Komfo Anokye Teaching Hospital, Kumasi, Ghana.
J Antimicrob Chemother. 2014 Jan;69(1):254-61. doi: 10.1093/jac/dkt336. Epub 2013 Sep 3.
Information on the long-term effectiveness and tolerability of efavirenz- or nevirapine-based antiretroviral therapy (ART) in Africa is lacking. The primary objective of this retrospective observational study was to compare the long-term clinical and immunological outcomes of efavirenz- versus nevirapine-based first-line ART in a large government clinic in Ghana.
The main outcomes were AIDS, death, ART-related toxicity, discontinuation of ART and a composite endpoint of death, AIDS or ART discontinuation. These time-to-event outcomes were compared using a Cox proportional hazards regression model. CD4 counts on ART were compared using a mixed-effects model.

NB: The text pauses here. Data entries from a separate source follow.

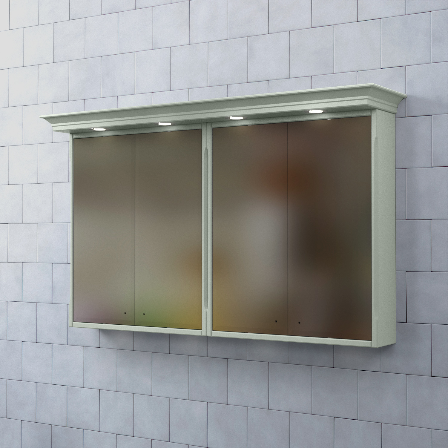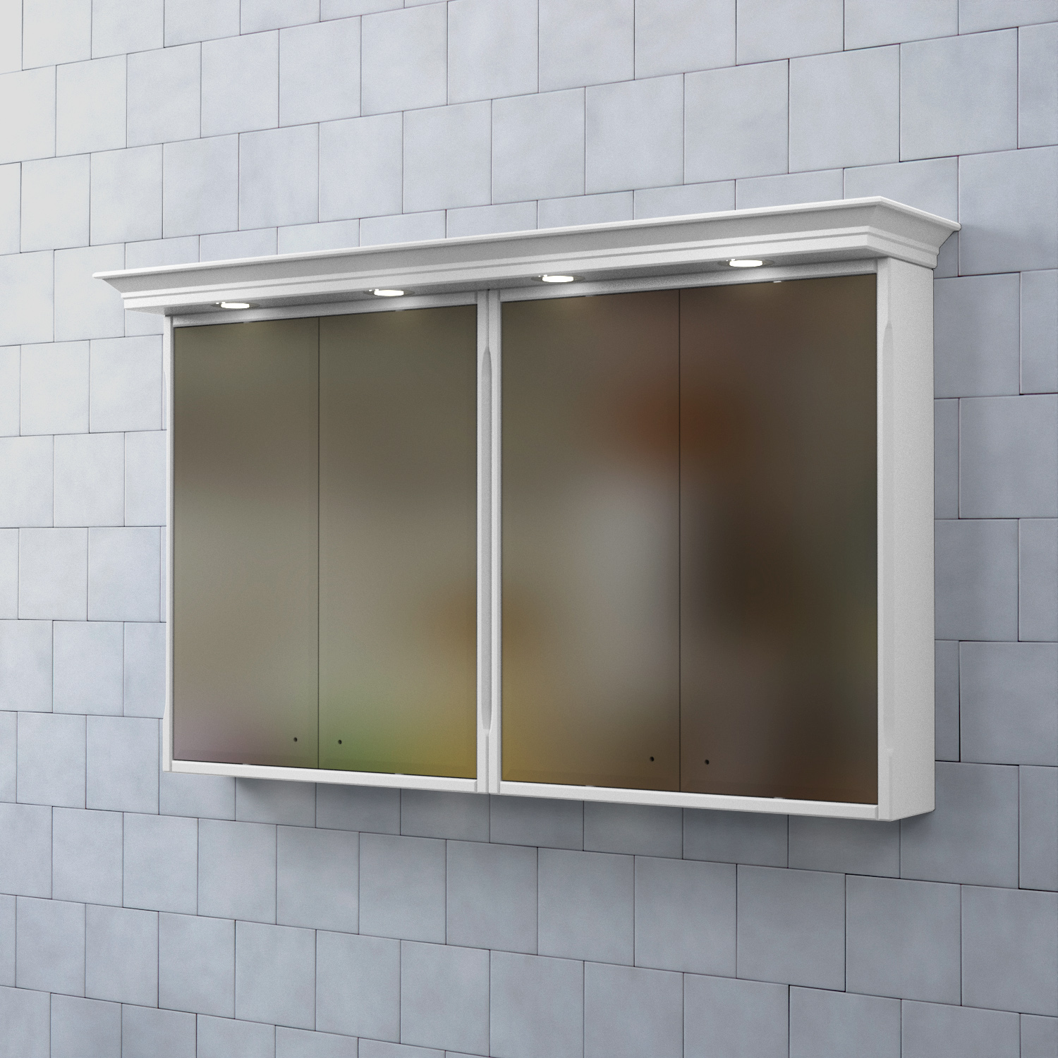 Spegelns stomme är tillverkad av målad MDF med spegelglas. Komplettera spegelskåpet med knoppar och dimmerfunktion till LED-belysningen.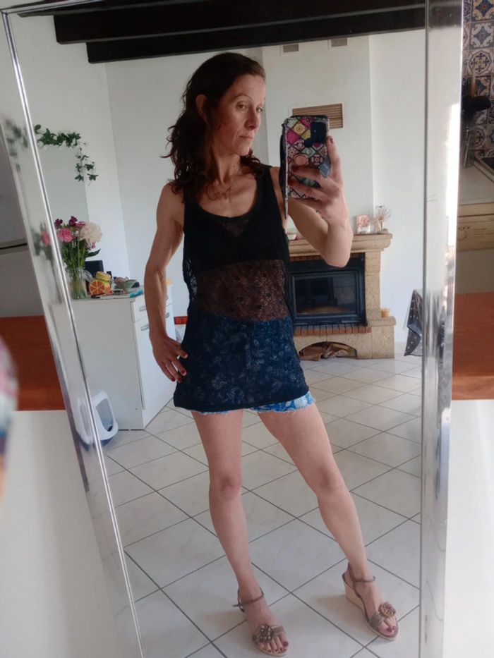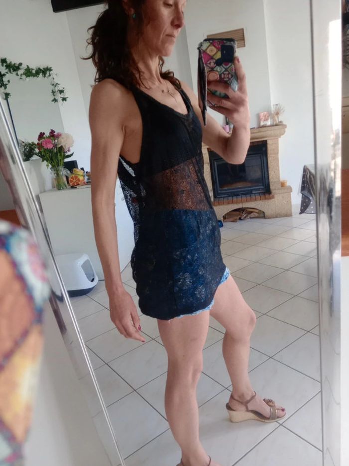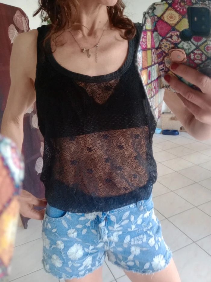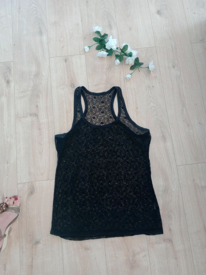 Débardeur dentelé noir, so sexy Présence de petites élastiques voir dernière photo. Ainsi je le classe dans la catégorie bon état Aisselle 53 cm bretelles 28 cm longueur 74 cm Plus d'étiquette matière ni taille ni marque #carineleray_femme_42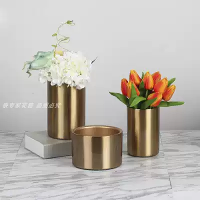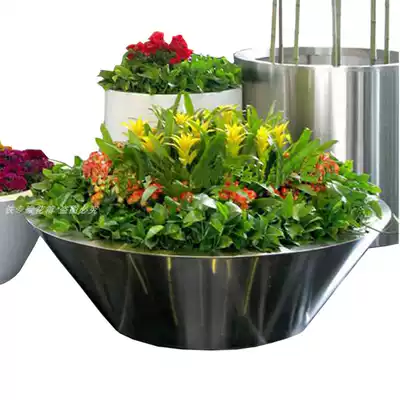 Outdoor shopping mall Meichen Hotel lobby stainless steel flower metal combination flower box sample house display center flower bed cylindrical flower pot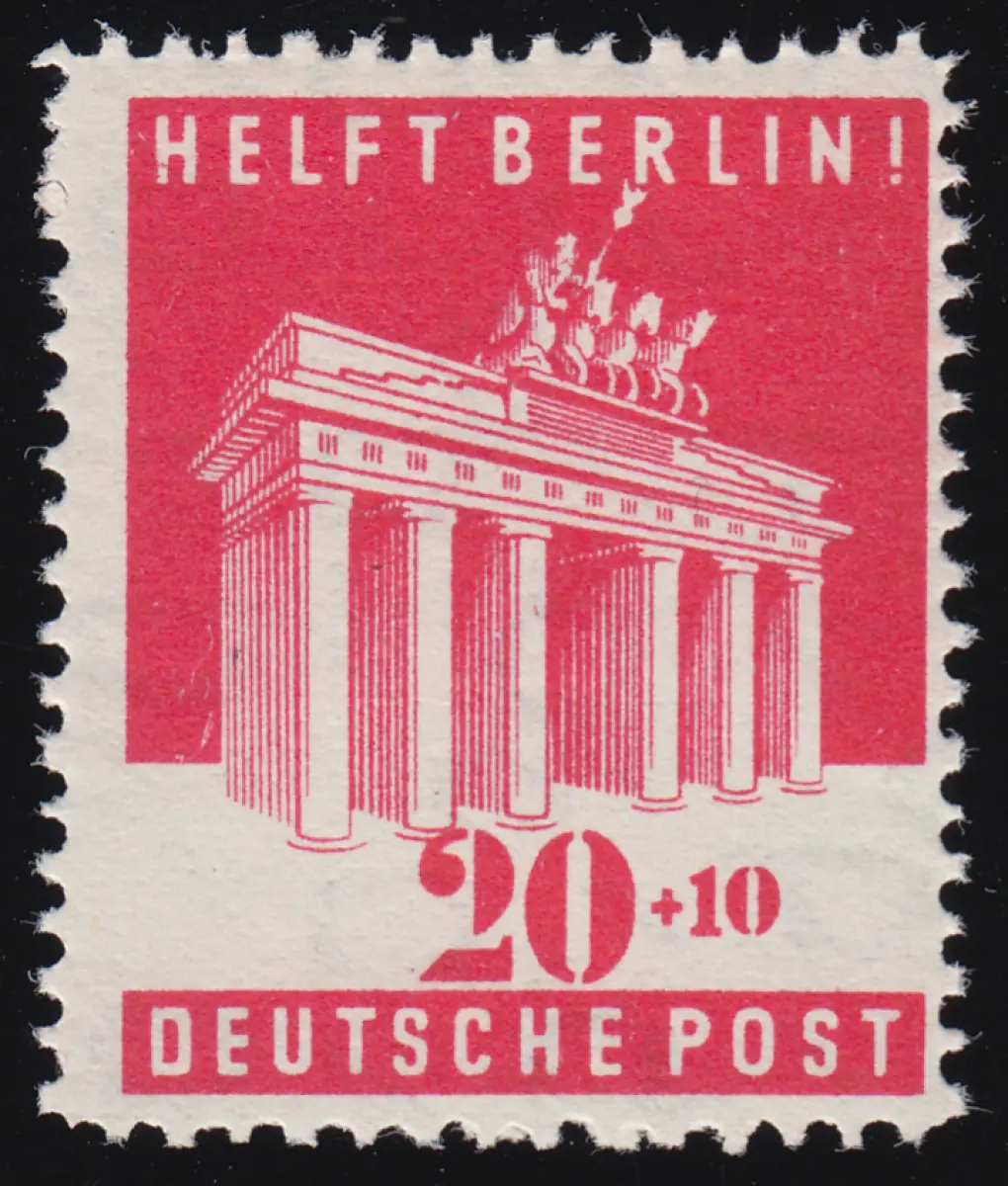 102I Berlin-Hilfe 20 Pf Zähnung E - je mit PLF I gebrochene Torlinie, **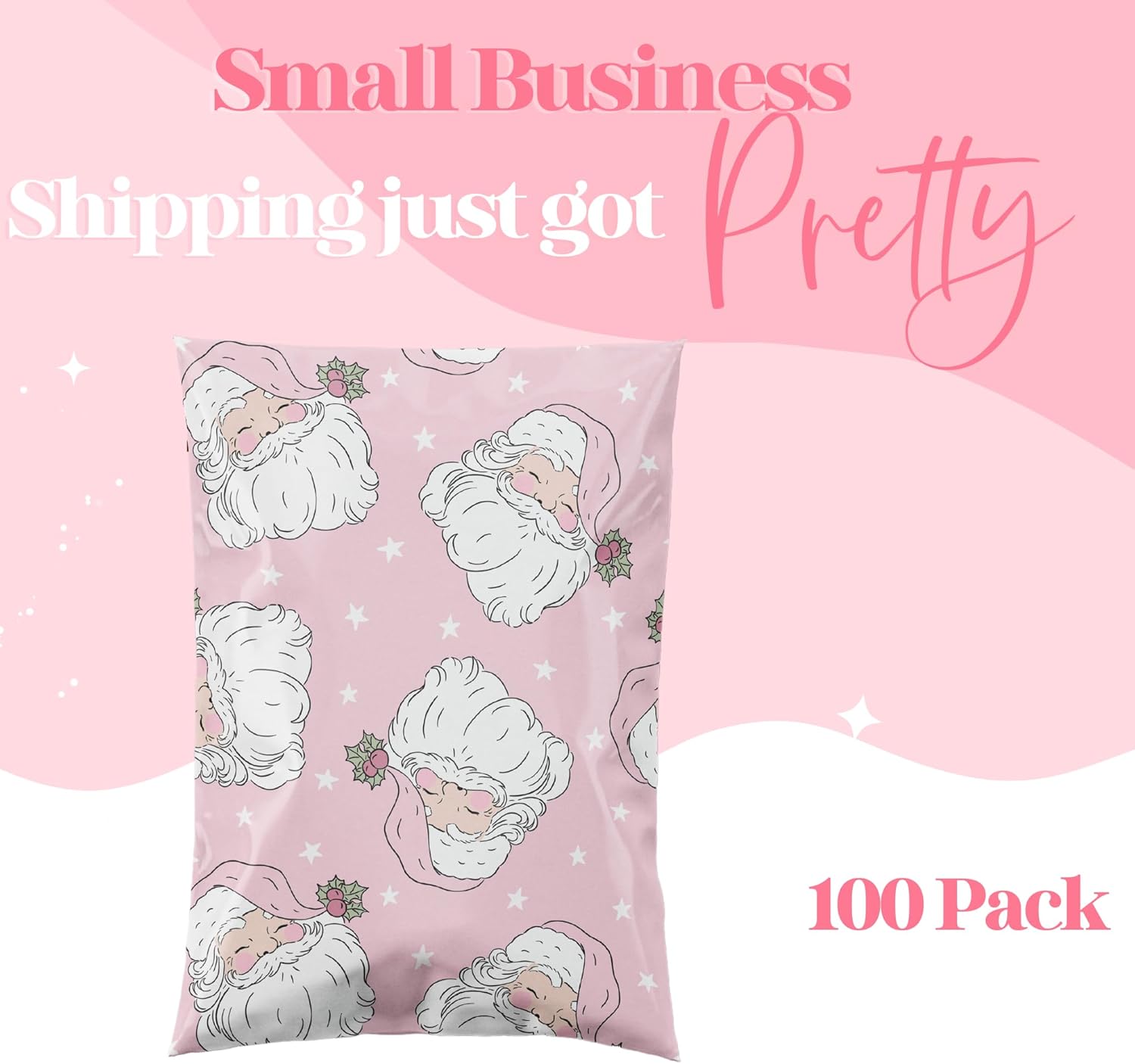 6x9 Designer Christmas Holiday Poly Mailers 100 Pack Heavy Duty Waterproof Self Seal Shipping Bags Large Mailing Envelopes Bulk Tear Resistant Cute Packaging Pink Santa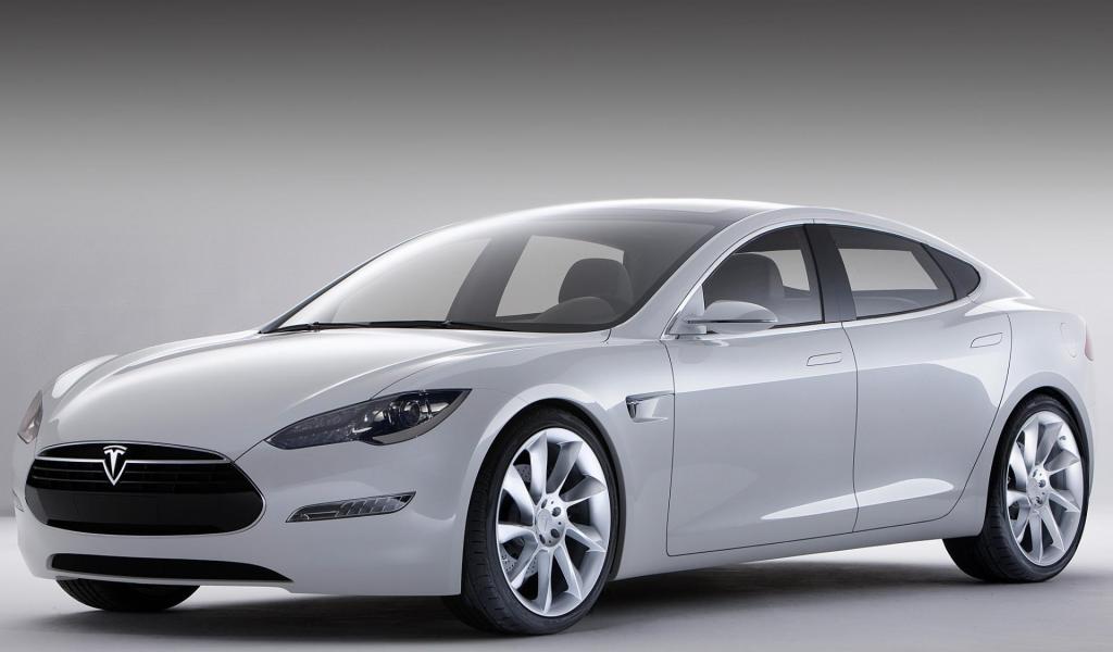 Обои Электромобиль Tesla на снегу

A total of 3990 patients started non-nucleoside reverse transcriptase inhibitor (NNRTI)-based ART between 2004 and 2010, of which 2369 (59%) were on efavirenz. No significant differences were apparent between each NNRTI for subsequent risk of AIDS, death or the composite of treatment failure; however, stavudine use was independently associated with an increased risk of death [adjusted hazard ratio (HR) 1.60 (95% CI: 1.21-2.11)]. There was an increased risk of early toxicity with nevirapine leading to discontinuation [adjusted HR 1.53 (95% CI: 1.23-1.97)], mostly due to excess skin rashes in the first 2 months of treatment; however, overall discontinuation rates were low.
There was no difference in the long-term effectiveness of efavirenz- and nevirapine-based ART in this population; however, patients initiating nevirapine were more likely to develop early toxicity and discontinue this drug. The excess mortality observed in patients taking stavudine is of concern and should prompt increased efforts to replace it with alternative antiretroviral drugs in developing countries.
在非洲,缺乏有关依非韦伦或奈韦拉平为基础的抗逆转录病毒治疗(ART)的长期疗效和耐受性的信息。本回顾性观察研究的主要目的是比较依非韦伦与奈韦拉平为基础的一线 ART 在加纳一家大型政府诊所的长期临床和免疫结果。
主要结局是艾滋病、死亡、ART 相关毒性、ART 停药和死亡、艾滋病或 ART 停药的复合终点。使用 Cox 比例风险回归模型比较这些时间事件结局。使用混合效应模型比较 ART 时的 CD4 计数。
共有 3990 名患者于 2004 年至 2010 年间开始接受非核苷类逆转录酶抑制剂(NNRTI)为基础的 ART,其中 2369 名(59%)接受依非韦伦治疗。两种 NNRTI 随后发生艾滋病、死亡或治疗失败的复合风险无显著差异;然而,使用司他夫定则与死亡风险增加相关[校正后的危险比(HR)为 1.60(95%可信区间:1.21-2.11)]。奈韦拉平导致早期毒性增加而停药的风险较高[校正 HR 为 1.53(95%可信区间:1.23-1.97)],主要是由于治疗的前 2 个月中皮疹过多;然而,总体停药率较低。
在该人群中,依非韦伦和奈韦拉平为基础的 ART 的长期疗效无差异;然而,开始使用奈韦拉平的患者更有可能发生早期毒性,并停用该药。接受司他夫定治疗的患者观察到的超额死亡率令人担忧,应促使发展中国家加大努力,用替代抗逆转录病毒药物替代它。